Digoxin Toxicity presented with Right Bundle Branch Block: A Case report of Drug- Drug Interaction

Patel S. R.1, MakwanaH.D.2, Patel K. P.3, Malhotra S.D.4, Patel P. R.5

1Dr. Shreya R Patel, 2nd Year PG resident, Department of Pharmacology, 2Dr. Harsha D Makwana, Associate Professor, Department of Emergency Medicine, NHL, MMC, Ahmedabad, 3Dr. Kamlesh P Patel, Associate Professor, Department of Pharmacology, 4Dr. Supriya D Malhotra, Professor and Head, Department of Pharmacology, 5Dr. Pankaj R Patel, Dean, all authors are affiliated with NHL, MMC, Ahmedabad, Gujrat, India

Address for correspondence: Dr Harsha D Makwana, Email: drharsham@gmail.com



Abstract

Digoxin, one of the digitalis glycosides has specific effects on the myocardium. The effects of Digoxin in heart failure are mediated by its positive inotropic and neurohormonal deactivating effects, whereas the effects of the drug in atrial arrhythmias are related to its vagomimetic actions. It is the most common drug used in treatment of congestive heart failure and tachy-arrhythmias. It is used in treatment of arrhythmias but when arrhythmias occur in a patient on maintenance dose of Digoxin, its toxicity should be suspected. Here we report a case of Digoxin toxicity with the therapeutic dose confirmed by elevated Serum Digoxin levels. This occurrence could be due to Digoxin itself or this adverse effect could be predisposed by a suspected drug –dug interaction (SDDI) with the concomitant drugs this patient was prescribed.
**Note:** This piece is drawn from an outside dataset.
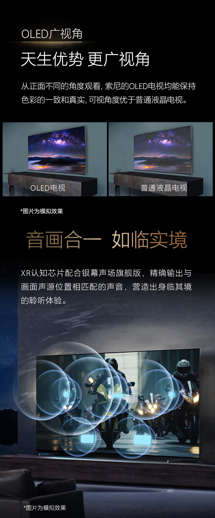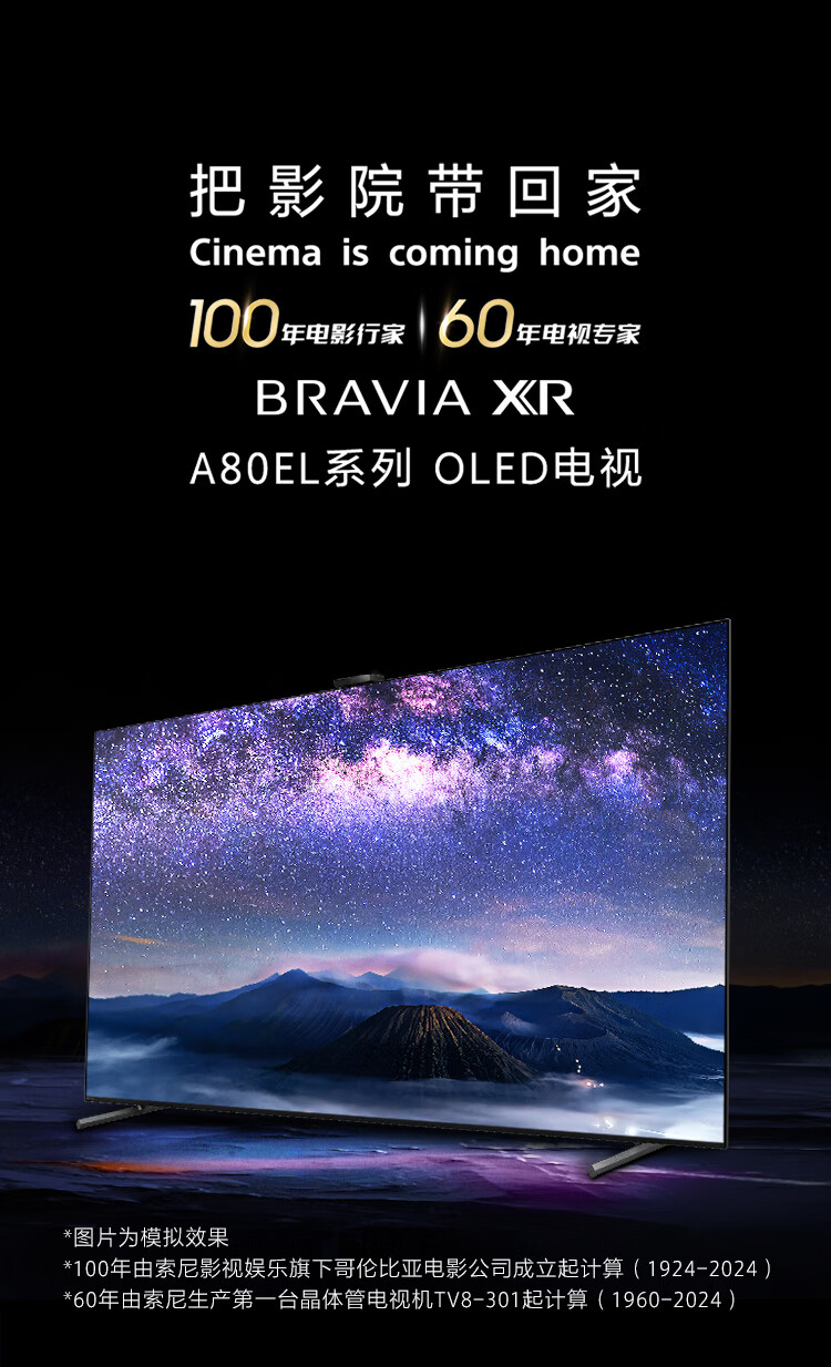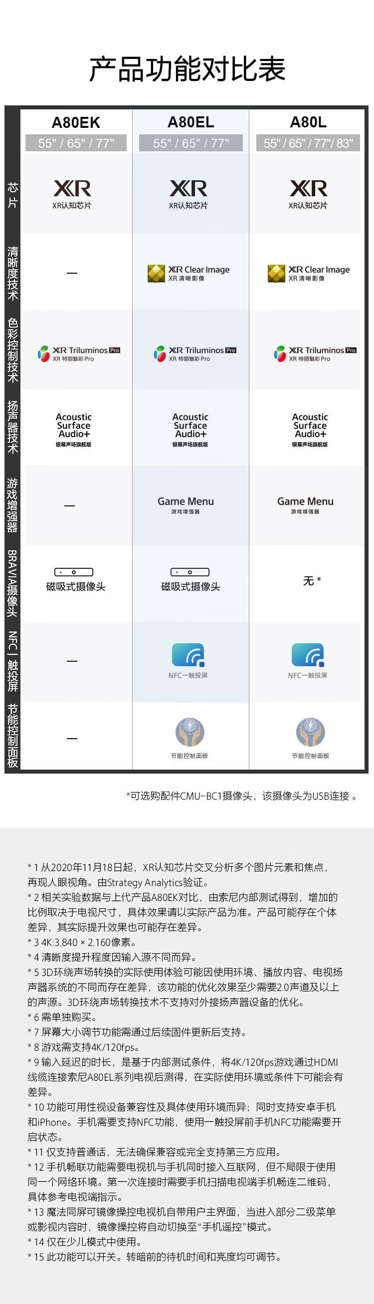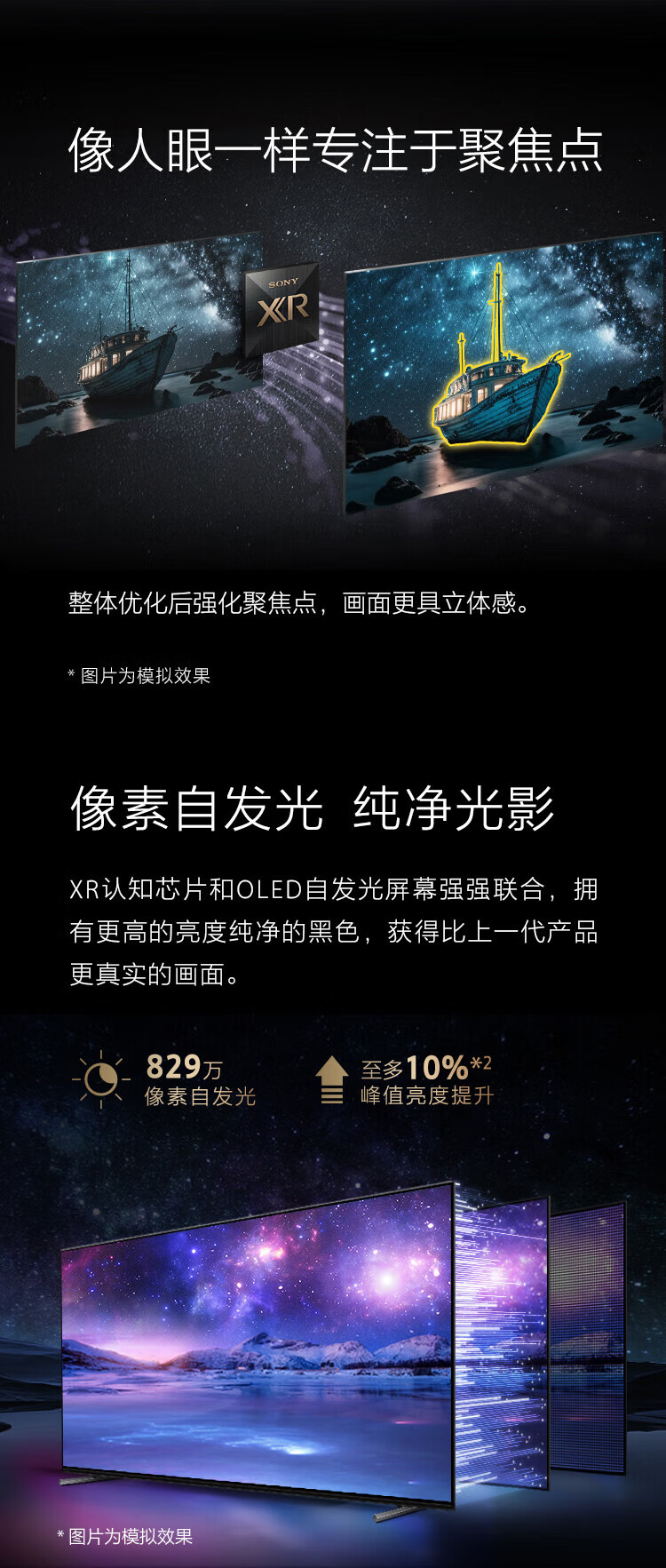索尼(SONY)【尾货捡漏价】A80EL系列 77英寸 4K OLED智能电视 屏幕发声 搭载摄像头 XR认知芯片 77英寸 XR-77A80EL

Key words: Digoxin,RBBB, Adverse drug reaction, Therapeutic drug monitoring, SDDI



Manuscript received: 5th October 2017, Reviewed: 15th October 2017
Author Corrected: 24th October 2017, Accepted for Publication: 30th October 2017

Introduction

Digoxin is one of the cardiac glycosides, a closely related group of drugs having common specific effects on the myocardium. The effects of Digoxin in heart failure are mediated by its positive inotropic and neurohormonal deactivating effects, whereas the effects of the drug in atrial arrhythmias are related to its vagomimetic actions. Intrinsic impairment of conduction in the right leads to prolongation of the QRS interval. With right bundle branch block, the terminal QRS vector is oriented to the right and anteriorly and it also occurs with valvular heart diseases. But it can also have manifested with Digoxin toxicity [1]. Digoxinbeing a narrow therapeutic index drug can be influenced by many other drugs which could alter its volume of distribution (Vd) and clearance and predispose to toxicity. Here in we present a case report in which patient developed RBBB subsequent to Digoxin given in therapeutic dose. Despite giving in therapeutic dose Digoxin levels were elevated in this patient. The authors attribute this occurrenceto a SDDI with other prescriptions drugs of the patient.

Case History

A 65 years old female patient was admitted to emergency department with complains of shortness of breath and Gabharamanfor 2 days. It was associated with abdominal pain, tinge of blood in sputum, pedal edema, and decreased frequency of urination.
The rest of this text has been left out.